Stored data:
--------------------------------

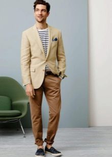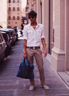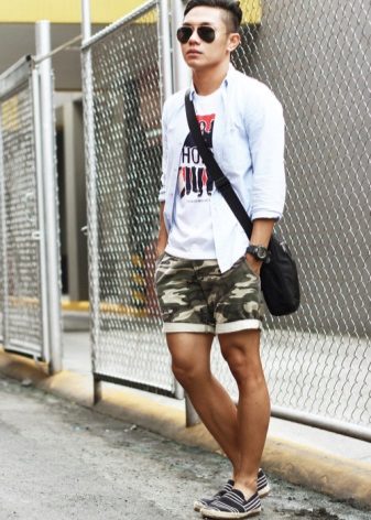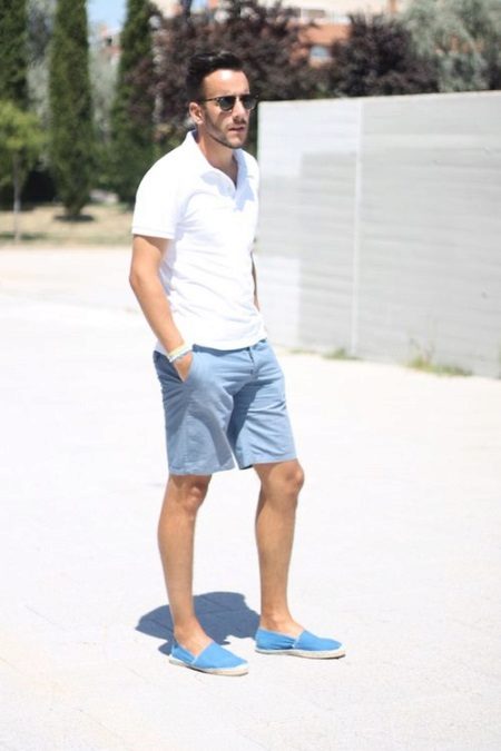 Jūs varat izveidot stilīgu vīrieša vasaras izskatu, apvienojot espadrila auduma modeli, vieglu monofonisku t-kreklu vai kokvilnas kreklu ar īsu piedurkni, kā arī vieglus šortus ceļgala garumā vai piecus līdz septiņus centimetrus augstāk.
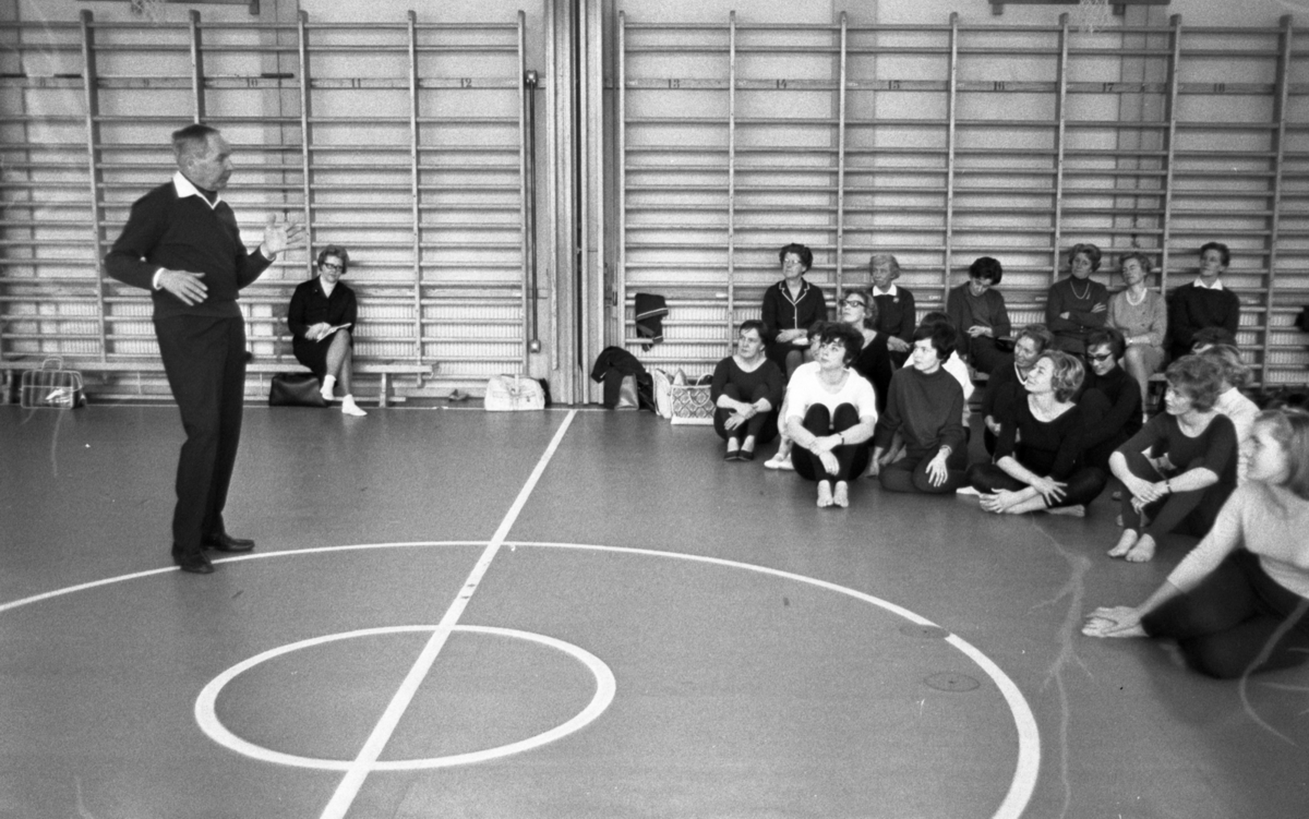 Till vänster på bilden syns idrottsledare Ernst Idla instruera åhörare. Han är klädd i mörk tröja med vit krage och mörka byxor. I halsen har han en scarf. Bakom honom på en långbänk vid väggen sitter en kvinna och lyssnar. Till höger på bilden sitter några gymnaster på golvet och lyssnar till Idla. Bakom dem sitter en grupp åhörare på en långbänk. På väggarna hänger ribbstolar. Väskor står på golvet och några tröjor hänger på ribbstolarna. Spellinjer finns utritade på golvet.
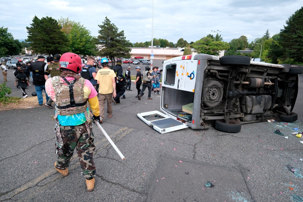 The right-wing rally drew about 100 people in a parking lot of a former Kmart store and clashes began as it wound down, KOIN-TV reported. A van tried to drive into the parking lot, but crashed and the driver ran away. Demonstrators then began igniting fireworks and similar devices. It was not immediately clear whether anyone suffered serious injuries.
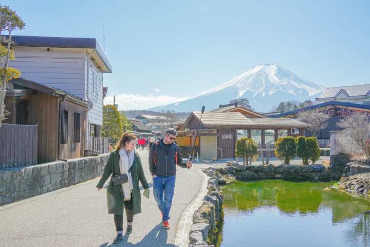 Luego, dirígete a Oshino Hakkai, un encantador pueblo famoso por sus estanques de agua cristalina, alimentados por los manantiales subterráneos del Monte Fuji.
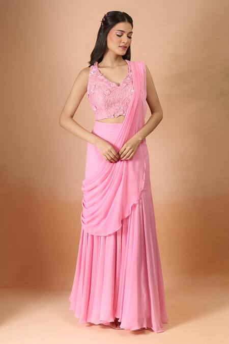 Pink pre-draped saree made from imported georgette with a padded blouse. The blouse features intricate embroidery and a back tie-up detail.
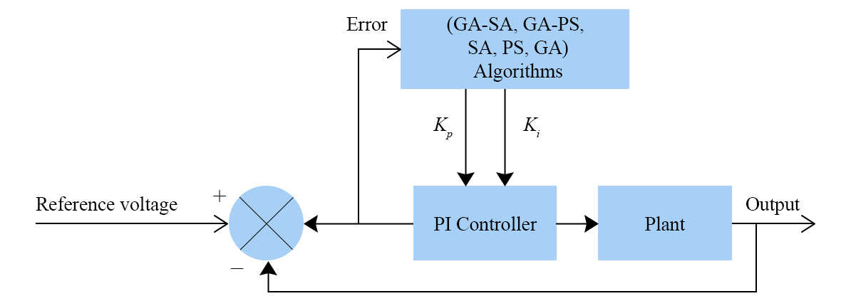 Block diagram of PI tuning by various optimization techniques. The block diagram of the PI tuning by various optimization process is shown in below Figure 3. The choice of the optimization method by GA-SA, GA-PS, SA, PS, GA to determine the parameters (Kp and Ki ).
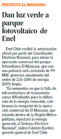 ENEL recibe autorización para iniciar la operación comercial del parque fotovoltaico El Manzano - (paiscircular.cl)
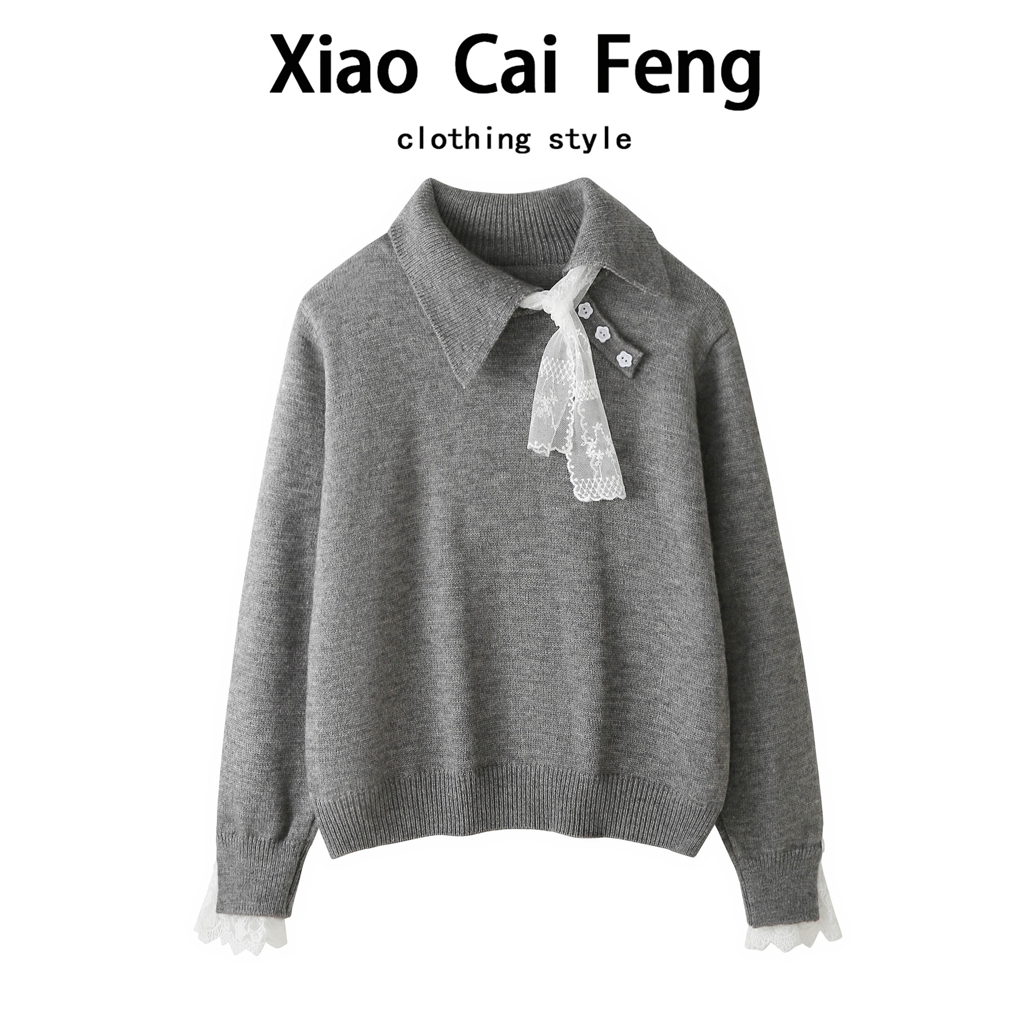 韩系巨好看灰色翻领蕾丝系带毛衣女秋冬慵懒风宽松针织衫休闲上衣
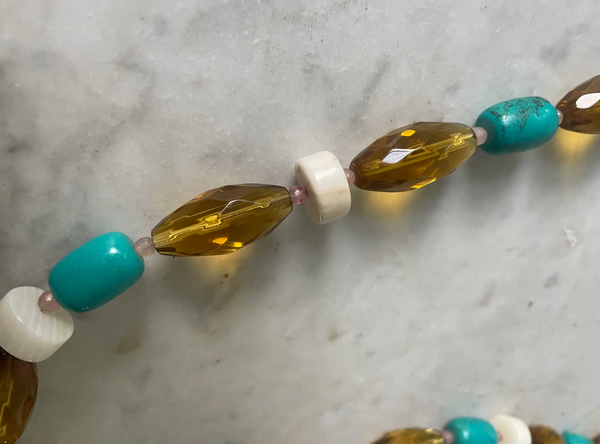32" Turquoise, White Branch Coral, and Amber Glass Beaded Necklace with Rose Quartz Spacers - Designed by Matthew Izzo
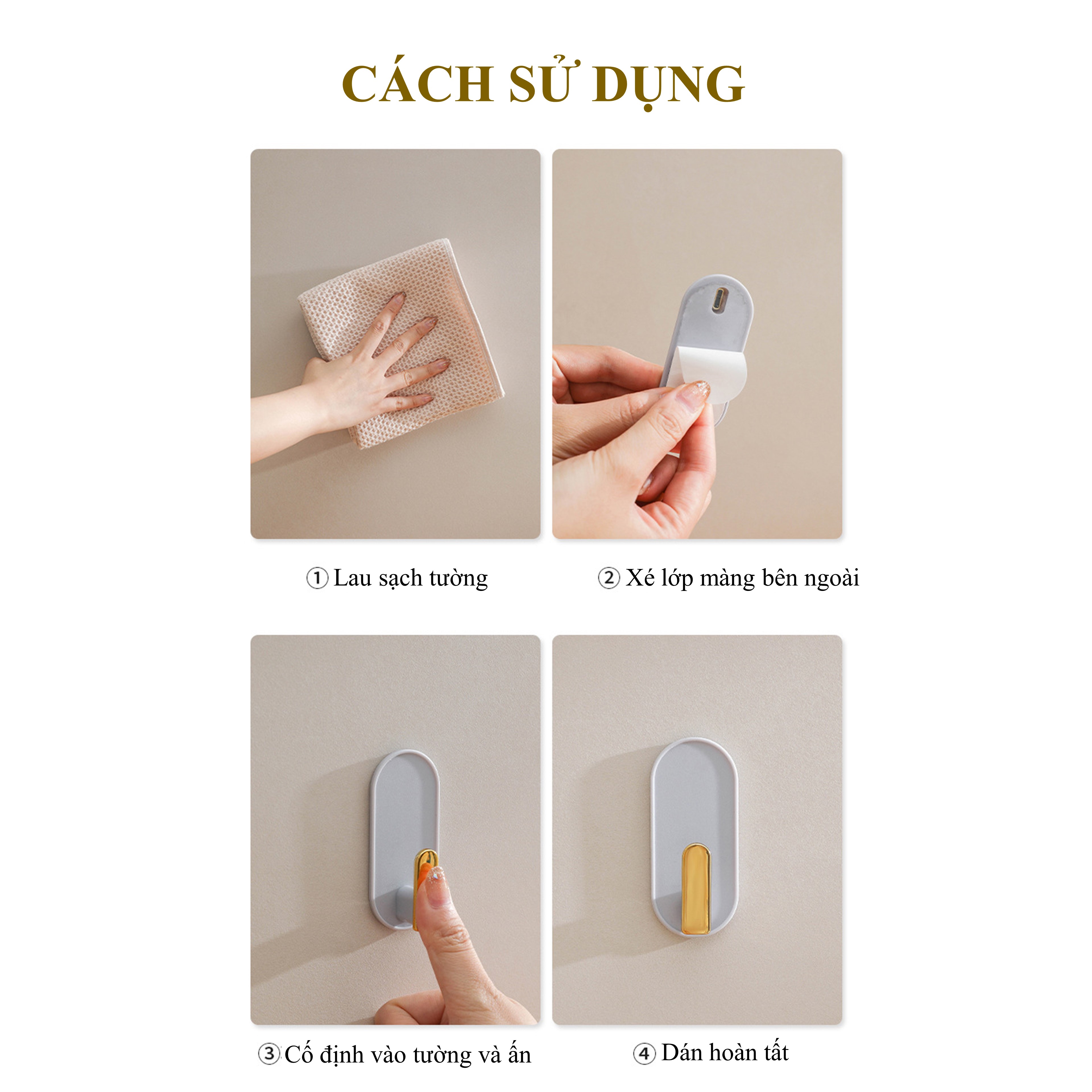 Móc dán tường riêng lẻ thiết kế bản to treo đồ chắc chắn. Bản móc treo chữ nhật xinh xắn, trang trí nhà tăng phần thẩm mỹ.

--------------------------------

Please repeat the records above exactly, leaving every picture out.

## Reply to the task
 Jūs varat izveidot stilīgu vīrieša vasaras izskatu, apvienojot espadrila auduma modeli, vieglu monofonisku t-kreklu vai kokvilnas kreklu ar īsu piedurkni, kā arī vieglus šortus ceļgala garumā vai piecus līdz septiņus centimetrus augstāk.
 Till vänster på bilden syns idrottsledare Ernst Idla instruera åhörare. Han är klädd i mörk tröja med vit krage och mörka byxor. I halsen har han en scarf. Bakom honom på en långbänk vid väggen sitter en kvinna och lyssnar. Till höger på bilden sitter några gymnaster på golvet och lyssnar till Idla. Bakom dem sitter en grupp åhörare på en långbänk. På väggarna hänger ribbstolar. Väskor står på golvet och några tröjor hänger på ribbstolarna. Spellinjer finns utritade på golvet.
 The right-wing rally drew about 100 people in a parking lot of a former Kmart store and clashes began as it wound down, KOIN-TV reported. A van tried to drive into the parking lot, but crashed and the driver ran away. Demonstrators then began igniting fireworks and similar devices. It was not immediately clear whether anyone suffered serious injuries.
 Luego, dirígete a Oshino Hakkai, un encantador pueblo famoso por sus estanques de agua cristalina, alimentados por los manantiales subterráneos del Monte Fuji.
 Pink pre-draped saree made from imported georgette with a padded blouse. The blouse features intricate embroidery and a back tie-up detail.
 Block diagram of PI tuning by various optimization techniques. The block diagram of the PI tuning by various optimization process is shown in below Figure 3. The choice of the optimization method by GA-SA, GA-PS, SA, PS, GA to determine the parameters (Kp and Ki ).
 ENEL recibe autorización para iniciar la operación comercial del parque fotovoltaico El Manzano - (paiscircular.cl)
 韩系巨好看灰色翻领蕾丝系带毛衣女秋冬慵懒风宽松针织衫休闲上衣
32" Turquoise, White Branch Coral, and Amber Glass Beaded Necklace with Rose Quartz Spacers - Designed by Matthew Izzo
 Móc dán tường riêng lẻ thiết kế bản to treo đồ chắc chắn. Bản móc treo chữ nhật xinh xắn, trang trí nhà tăng phần thẩm mỹ.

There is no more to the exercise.